- [The records]

━━━━━━━━━━

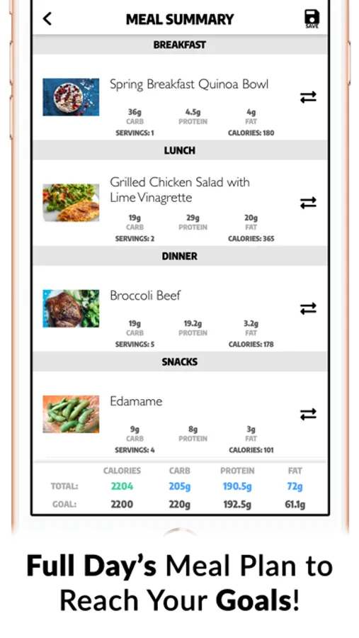 -Within seconds, you will get a full optimal meal plan randomly generated for you based off your customized settings!
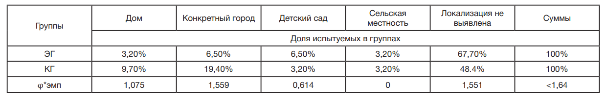 Таблица 1. Показатели сравнительного анализа показателей типа локализации ранних воспоминаний в экспериментальной и контрольной группах
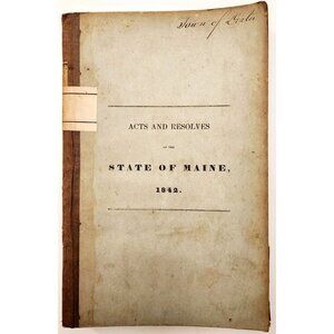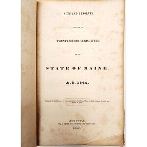 1842 Acts & Resolves State Of Maine 1st Edition 22nd Legislature Public Law F5
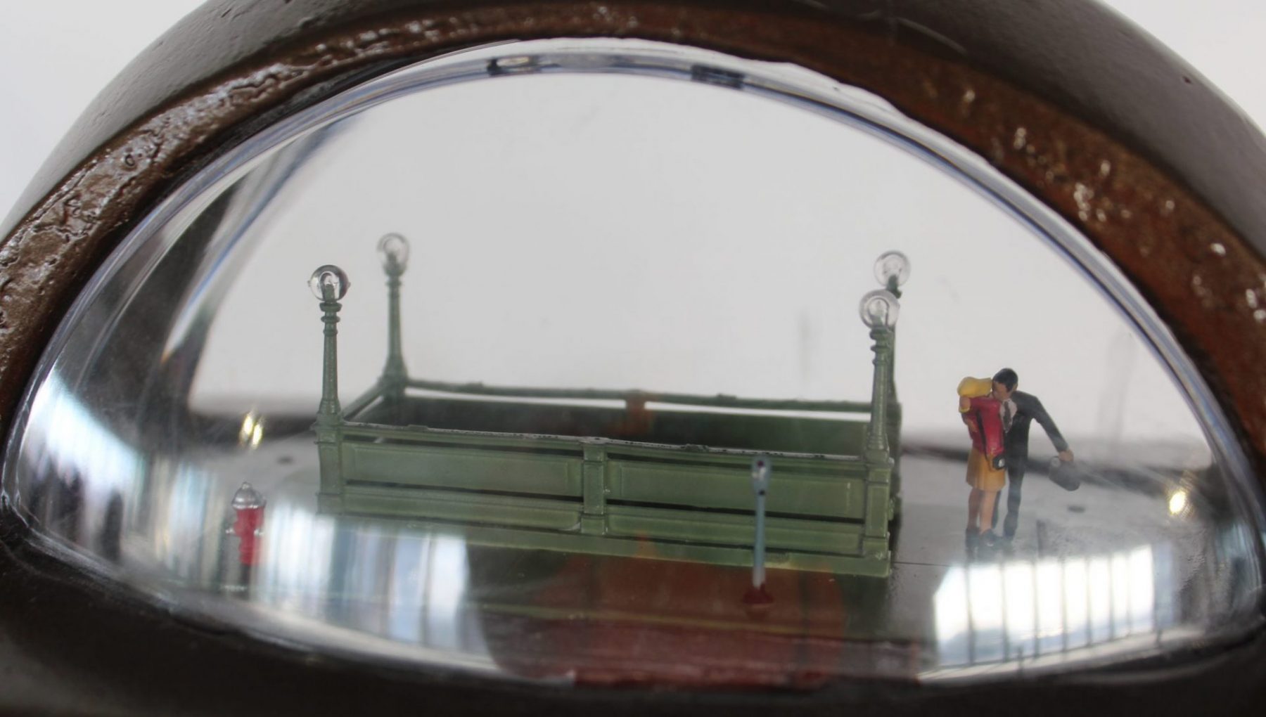 Stojak cuts the heavy shells open in order to build the dioramas inside, then reassembles the meters. He paints them in a mix of spray paint and enamel. Some of the meters have many layers of paint. The dioramas are created mostly from tiny figures from model train kits that he buys online. Some contain found objects. In addition, Stojak found an online source for the glass domes.
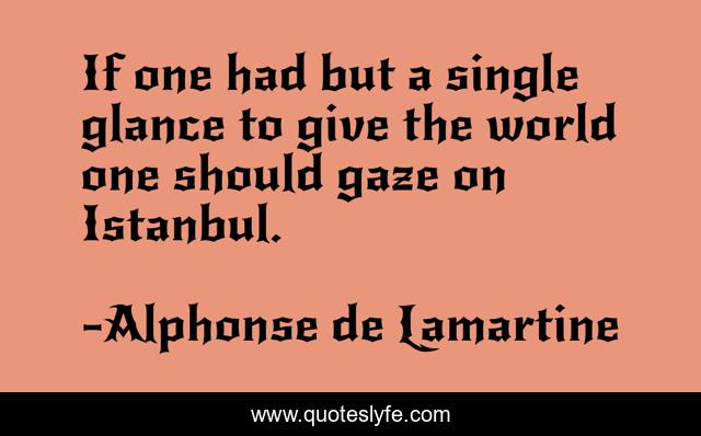 This page presents the quote "If one had but a single glance to give the world one should gaze on Istanbul.". Author of this quote is Alphonse de Lamartine. This quote is about travel, travellers,.
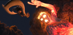 After sneaking into Tamatoa’s cave, Moana distracts the crab by getting him to sing about himself so that Maui can get his hook back. The song, Shiny, is my favourite song in the whole movie (minority opinion, I know). But of course, Tamatoa only gets five minutes of screentime or so and is not even our main bad guy. Lindsay Ellis did a great video recently on how the traditional Disney villain is going extinct and it’s a damn shame because we deserve a better class of criminal. That’s not to say that Tamatoa is a bad villain, actually the opposite. I think he’s great, we just needed more of him. If it was up to me, I’d have Tamatoa remain a presence in the story all the way through, maybe have the Kakamora be his henchmen and have him follow Moana and Maui all the way to the final battle with Te Kā. Just as Te Kā is a dark opposite of Moana, (a fire demon who doesn’t know who she is), Tamatoa is Maui if he let his selfishness and vanity and superficiality completely overcome the better part of his nature. So you’d make the final battle two on two, Maui against Tamatoa and Moana against Te Kā.  Well anyway, we gots what we gots. Maui gets his hook back but finds that his shape shifting powers don’t work anymore and Tamatoa beats him and nearly eats him…
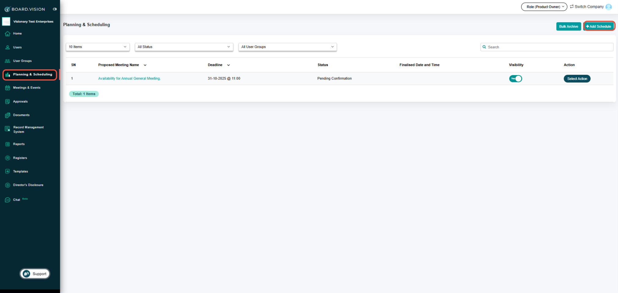 2) From the left navigation menu, go to Planning & Scheduling, and click on +Add Schedule.
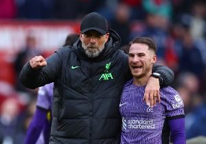 麦卡利斯特写道:我要特别感谢斯洛特。他是从克洛普过渡的完美桥梁。我和克洛普关系非常密切,队友们总开玩笑说:“克洛普是你爸爸。去给爸爸一个拥抱吧!”
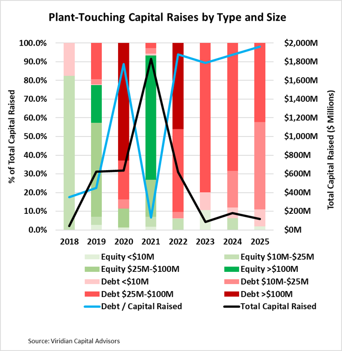 Home » Viridian Capital Chart of the Week: U.S. CULTIVATION & RETAIL CAPITAL RAISES FOR THE FIRST 15 WEEKS OF 2025 ARE DOWN 35% FROM THE SAME PERIOD IN 2024 AND ARE VIRTUALLY ALL DEBT
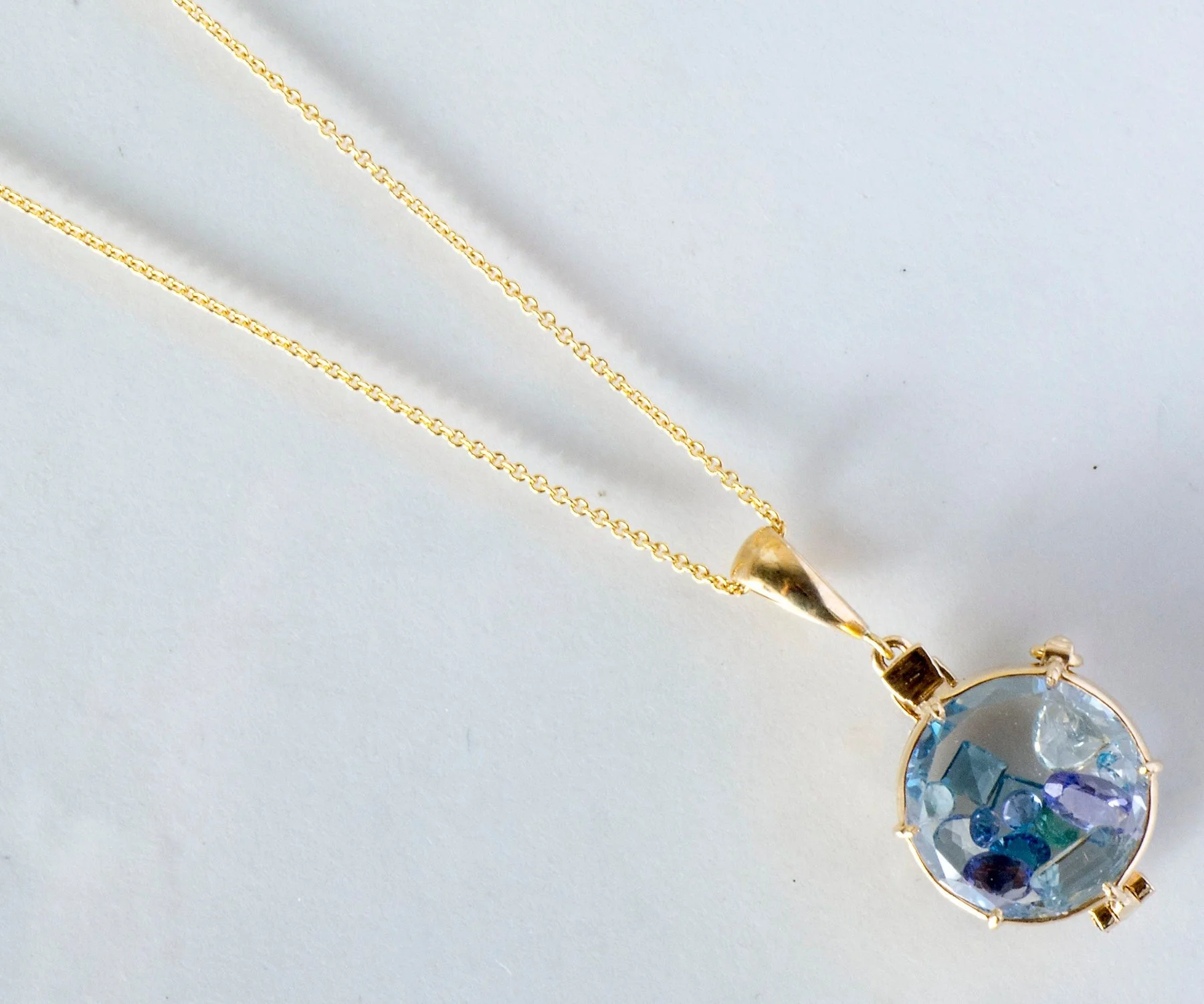 Locket Necklace - 14k Yellow Gold Rock Crystal Quartz Floating Aquamarine, Topaz and Tanzanite Locket Necklace 14k Yellow Gold Rock Crystal Quartz Aquamarine, Topaz & Tanzanite =1.39cts Pendant measures approximately 1" tall with bale, 1/2" without bale and 1/2" wide. 14k yellow gold chain is 18" long.

━━━━━━━━━━

- [What is needed] Exact repetition is required for the lines from the first one in the listing through the one that holds "1842 Acts &", and pictures are to be omitted.

- [Task response]
 -Within seconds, you will get a full optimal meal plan randomly generated for you based off your customized settings!
 Таблица 1. Показатели сравнительного анализа показателей типа локализации ранних воспоминаний в экспериментальной и контрольной группах
 1842 Acts & Resolves State Of Maine 1st Edition 22nd Legislature Public Law F5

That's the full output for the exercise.